Raoul Among Attorneys General Refusing to Accept Purdue Pharma Settlement

By Benjamin Cox on October 12, 2019 at 12:30pm

A federal judge may be halting Illinois Attorney General Kwame Raoul and other attorneys general attempts to get settlements from the Sackler Family over the Purdue Pharma lawsuit. U.S. Bankruptcy Judge Robert Drain strongly brushed aside the argument from a group of state attorneys general that lawsuits against members of the wealthy Sackler family would be essential to getting accountability in the case of helping cause the opioid crisis. Purdue Pharma is the manufacturer of the popular painkiller OxyContin.

His decision does not mean that a tentative settlement struck between the company and about half the states would become a final agreement. How much members of the Sackler family should be held accountable for the role Purdue Pharma played in the crisis was at the center of the hearing, according to the Associated Press.

State attorneys general are evenly divided over whether to accept terms offered by Purdue to settle some 2,600 claims against it. About half of them including Raoul say the proposed deal is too lenient to family members who heavily profited in the drug’s over-saturation in all corners of the United States.

Those attorneys general are pressing separate state claims against the Sacklers and want those cases to continue even as Purdue’s bankruptcy case plays out. In a filing last week, the attorneys said that there would never be a trial to determine the Sackler’s liability in the public opioid epidemic if the settlement was accepted.
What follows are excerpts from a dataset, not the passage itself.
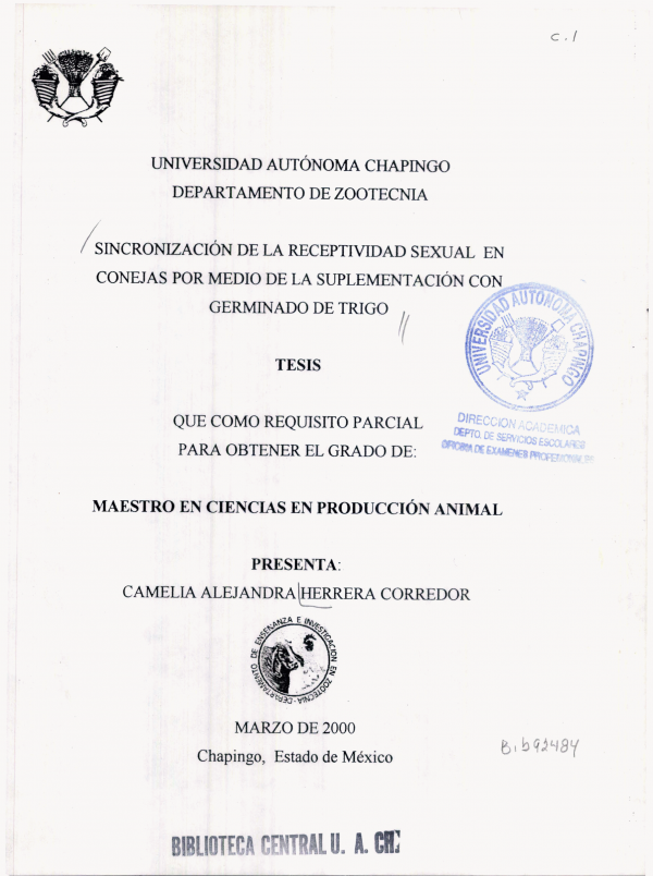 Sincronización de la receptividad sexual en conejas por medio de la suplementación con germinado de trigo /por Camelia Alejandra Herrera Corredor
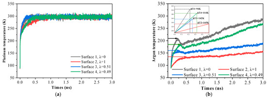 Temperature changes of platinum and argon atoms on the nanostructured wetted surface under 298 K temperature input: (a) platinum atom (b) argon atom.
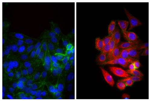 Immunofluorescence: Human epithelial carcinoma cell line HEp-2 stained with anti-Cytokeratin 18 antibody (right) and ARG22146 anti-CD44 antibody [F10-44-2] (FITC) followed by ARG21574 Goat anti-Mouse IgG2b antibody (Texas Red) (pre-adsorbed) and DAPI.
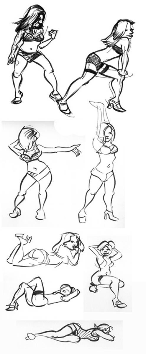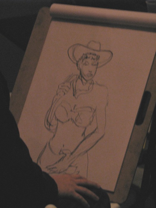 Very special thanks to the simply stunning Sugar Ann Spice for braving the most horrific DC traffic yet again to pose for us that evening, and to all of you lovely and talented folks who came out to draw her! And to Bill the door guy, Jeff the photographer, and Russell the owner/’tender/iPod jockey! But especially, again, to all of you who came out despite the rain and were good sports about the brief model substitute—not only were you guys the biggest group we’ve had so far, but possibly the liveliest. You guys kick ass! Just send us more sketches next time. 😉
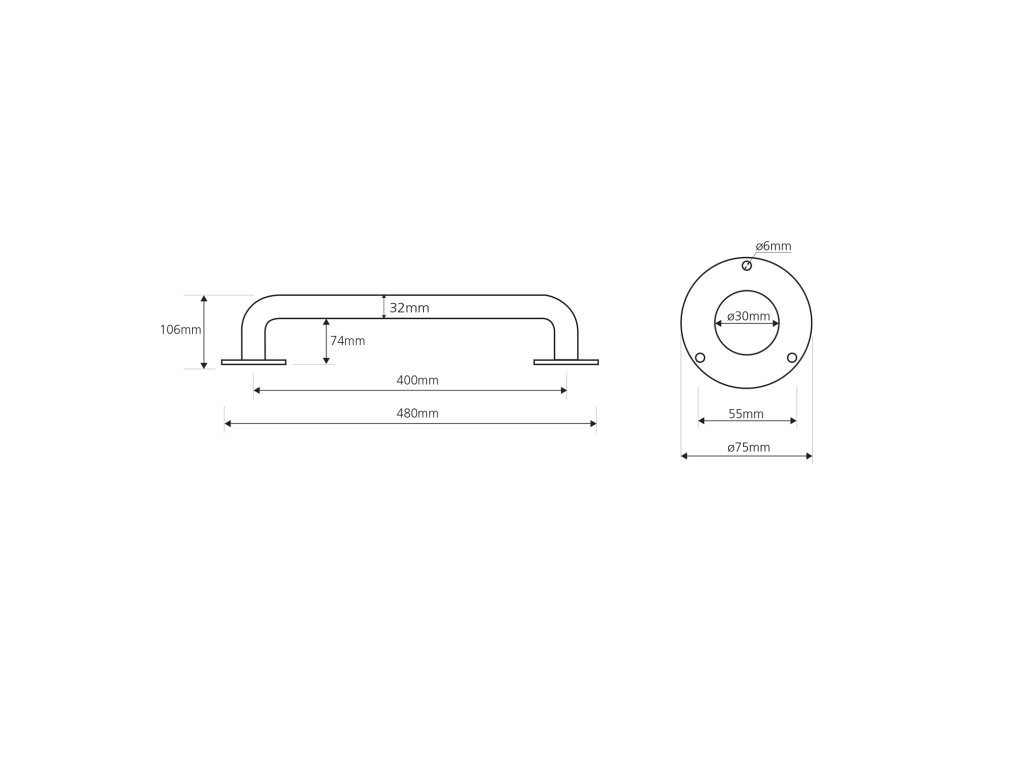 Madlo z leštěné nerezi k přivrtání na zeď. Šrouby, hmoždinky a krytky jsou součástí balení.
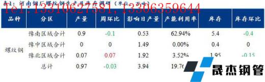 1、調(diào)研數(shù)據(jù)顯示,統(tǒng)計(jì)的河南地區(qū)10家建筑厚壁無縫鋼管樣本無縫厚壁鋼管廠家中,河南省建材無縫厚壁鋼管廠家螺紋鋼日產(chǎn)量0.97萬噸;檢修/限產(chǎn)影響建材日產(chǎn)量為3.94萬噸,產(chǎn)能利用率為19.76%,較上周下降0.61%。
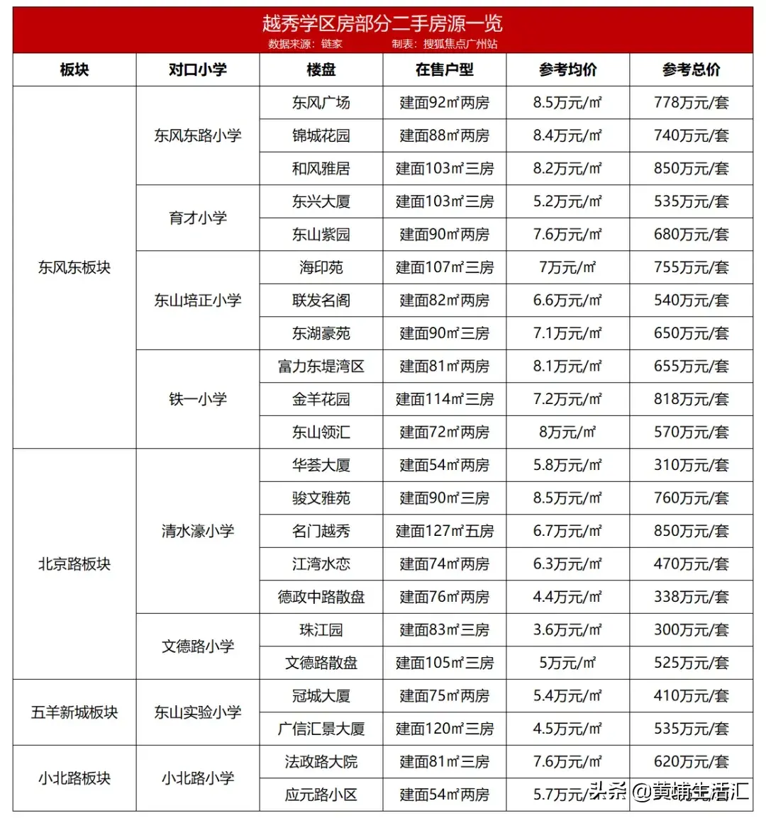 黄埔二手学区房价格处于全区的较低位(数据源于搜狐广州)
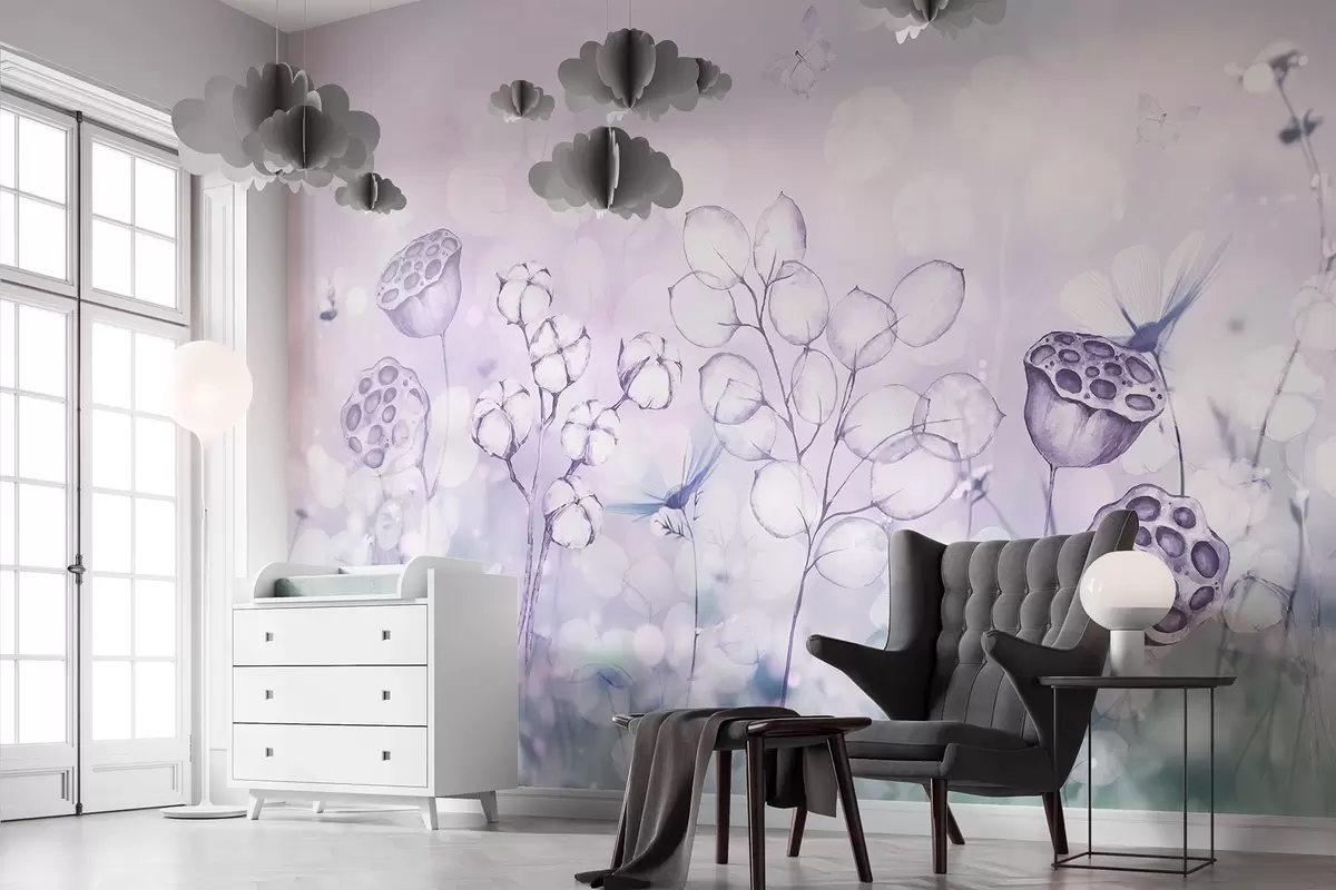 Wall murals Dreamy flower garden, butterfly, cotton flowers, lotuses, purple colors Nr. w02516v1

Purdue Pharma’s bankruptcy filing in New York last month came after it negotiated a tentative deal in that litigation with a group of attorneys general, although only half the states have agreed to it. A ruling in favor of the attorneys general who want to push forward with their lawsuits could imperil the tentative settlement.

Under the settlement, members of the Sackler family would give up control of Purdue, which would continue to operate as a trust with all profits going into the settlement. The deal would include the value of overdose antidotes and a treatment drug under development, and the Sackler family would kick in at least $3 billion. The exact amount above that depends on what the family would make by selling its international drug businesses. In all, the deal could be worth as much as $12 billion over time, according to the Associated Press.

The attorneys who have refused to accept the settlement say that the bankruptcy judge cannot stop their lawsuits without breaking U.S. Constitutional law that allow states to enforce laws to protect the public’s health, safety and welfare. The judge’s ruling could possibly result in a Supreme Court decision.